Pollen Street Group Limited
- Company type: Public
- Traded as: LSE: POLN
- Industry: Financial services
- Founded: 2013
- Headquarters: London, England
- Key people: Lynn Fordham (Chairperson) Lindsey McMurray (CEO)
- Revenue: £134.5 million (2025)
- Operating income: £64.4 million (2025)
- Net income: £56.6 million (2025)
- Website: www.pollenstreetgroup.com

= Pollen Street Group =

British investment business

Pollen Street Group Limited is a British private investment business focussed on alternative investments in the financial and business services sectors. It is listed on the London Stock Exchange and is a constituent of the FTSE 250 Index.

==History==
Pollen Street Capital Holdings was founded by Lindsey McMurray and her team as an alternative investment manager spun out from Royal Bank of Scotland in 2013. It was the manager of Pollen Street Secured Lending under it was acquired by Waterfall Asset Management in March 2021. In February 2022, the company announced the launch of its fifth mid-market private equity fund with a cash requirement of c. £1 billion.

In September 2022, Pollen Street Capital Holdings was acquired by a listed vehicle, Honeycomb Investment Trust. Pollen Street Capital Holdings had been the manager of Honeycomb Investment Trust and the transaction enabled Pollen Street Capital Holdings to secure a listing on the London Stock Exchange. It also enabled Pollen Street Capital Holdings to use its extensive pipeline of loans to expand the investment trust. Honeycomb Investment Trust changed its name to Pollen Street in October 2022.

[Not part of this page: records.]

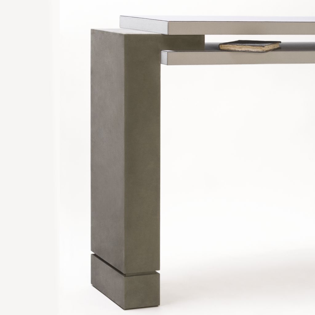 As a neobrutalist architecture, designed with recurrent modular volumes, these tables, consoles and desks, feature and convey a sense of immutability that makes them particularly attractive in our chaotic and crumbling world.
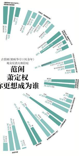 这两部剧有相似的背景,却又是完全不同的风格,观众更喜欢哪一种?接受新京报问卷调查的观众里,《庆余年》的拥趸比《鹤唳华亭》更多;他们因为范闲现代人的性格而喜欢他,也因为萧定权的虐心人生而同情他。这届观众也更喜欢轻松搞笑的内容,对于苦情戏有本能的排斥。
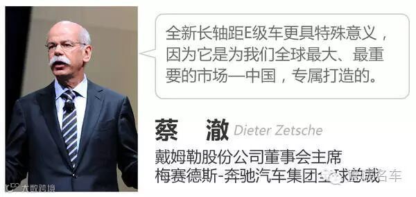 对于第十代奔驰E级车的国产长轴距车型,戴姆勒股份公司董事会主席、梅赛德斯-奔驰汽车集团全球总裁蔡澈博士表示:“一直以来,E级车都是梅赛德斯-奔驰品牌的核心产品。”他谈到,全新长轴距E级车更具特殊意义的是,它为我们全球最大、最重要的市场——中国,专属打造。
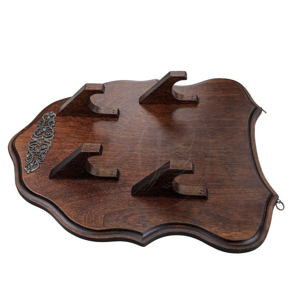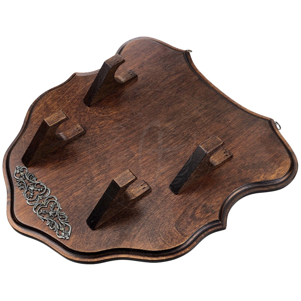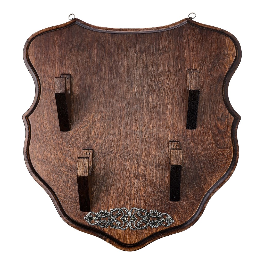 Tato elegantní dřevěná plaketa představuje ideální způsob, jak vystavit Vaše oblíbené repliky zbraní – od mečů přes historické křesadlové či perkusní pistole až po dýky. Díky robustní konstrukci z masivního lakovaného dřeva poskytuje bezpečnou a stabilní oporu, zatímco tmavé moření a kovový dekor dodávají celku luxusní a historický vzhled.
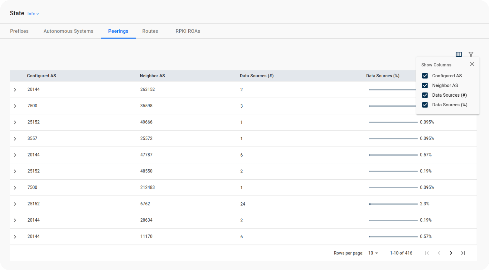 Data Sources (%) shows the ratio of peers that have seen each Peering to the total number of active peers that could potentially see it.

In January 2024, Pollen Street changed its listing category from that of an investment trust to that of a commercial business and renamed itself Pollen Street Group.

==Operations==
The company had £7.1 billion of assets under management as at 31 December 2025.

== Portfolio companies ==
Major portfolio companies currently invested into by funds managed by Pollen Street include:

- Mattioli Woods
- Tandem Money
- Aryza
- The Markerstudy group
- Shawbrook Bank (alongside BC Partners)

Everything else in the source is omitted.